Thursday, May 27, 2010

The World is New


With nearly every straight, liberal male I know semi-obsessed with a musical sitcom about a high school show choir on Fox, it is difficult to imagine that the world is not different than we imagined it to be. Every indicator points to a landscape dramatically altered. From Phyllis Tickle's 500 year cultural rummage sale to Bill McKibben's new Eaarth, there exist abundant images of a world transformed. The Church, like all other institutions, will fair only as well as it is capable of responding to the changing cultural environment in which it exists.

Young Adults stand at an interesting intersection at this moment of cultural upheaval. Coming into adulthood in this environment, their frame of reference is limited by the a-historicism of American culture and the lack of personal experience in any other time but this. Armed with technology they threaten the generations they follow with the capacity to leapfrog to corporate predominance. Cautioned by an economic downturn in which entire industries are being eclipsed while new ones pop up with each refreshing of the page, they approach "career" with tentativeness and education with the utilitarian concerns of keeping as many options open as they can manage to juggle.

The Church as an institution faces the cautionary scrutiny given marriage by a generation for whom divorce was felt as common as not. Like pre-marital co-habitation, spiritual path shopping is a consumer tactic meant to head off institutional incompatibility and failure. This is not a failure on our part, but it is a reality. We cannot assume the given of the post-marriage, post-childbirth return to Church. The moral elementary school model of religion is failing in a nation where Liberal Christianity has won the culture wars. The question left us is what Christ speaks to this world that is new? What image of the Reign of God do we offer to a generation for whom that reign is no longer singular?

We give many answers. The Body of Christ is continually being born anew in this world through churches that compete in a free-marketplace of loyalties, moralities, and ways of being. What is the Spirit birthing anew in the Episcopal Church? What might that look like for Young Adults and how might we work together to affirm and strengthen this new Body of which we are a part?
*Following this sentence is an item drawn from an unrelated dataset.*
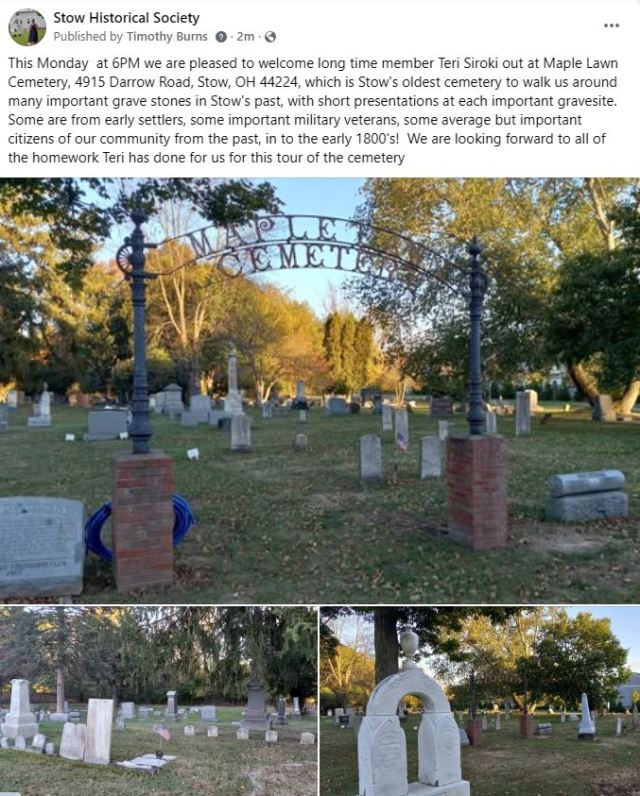 Join us for the first Stow Historical Society program meeting of 2024! Our program, Abolition Restoration Cemetery Workshop, will be presented by cultural heritage archaeologist Michael Lucas. Mr. Lucas is a Kent State University alum and has been working as a Cultural Resource Management archaeologist for ten years. His discussion will include a special emphasis on the local O’Brien Cemetery. Thursday, March 14, 2024 – 4:00 p.m. Location: Stow-Munroe Falls Public Library, 3512 Darrow Rd., Stow, Ohio. Free and open to the public #stowhistory #stowhistorical

I'll be using this blog as a platform and as my own site for digestion. I'm new to this world. I'm a young Episcopalian adult, raised in the Church and employed to support others in this journey we take together. I invite your comments here, but more so I invite your friendship and companionship. I'll be telling my story of this journey, and I hope as it progresses it will become Our Story. I don't know how that happens but I trust that as it does, we will do it with honesty, humility, and grace.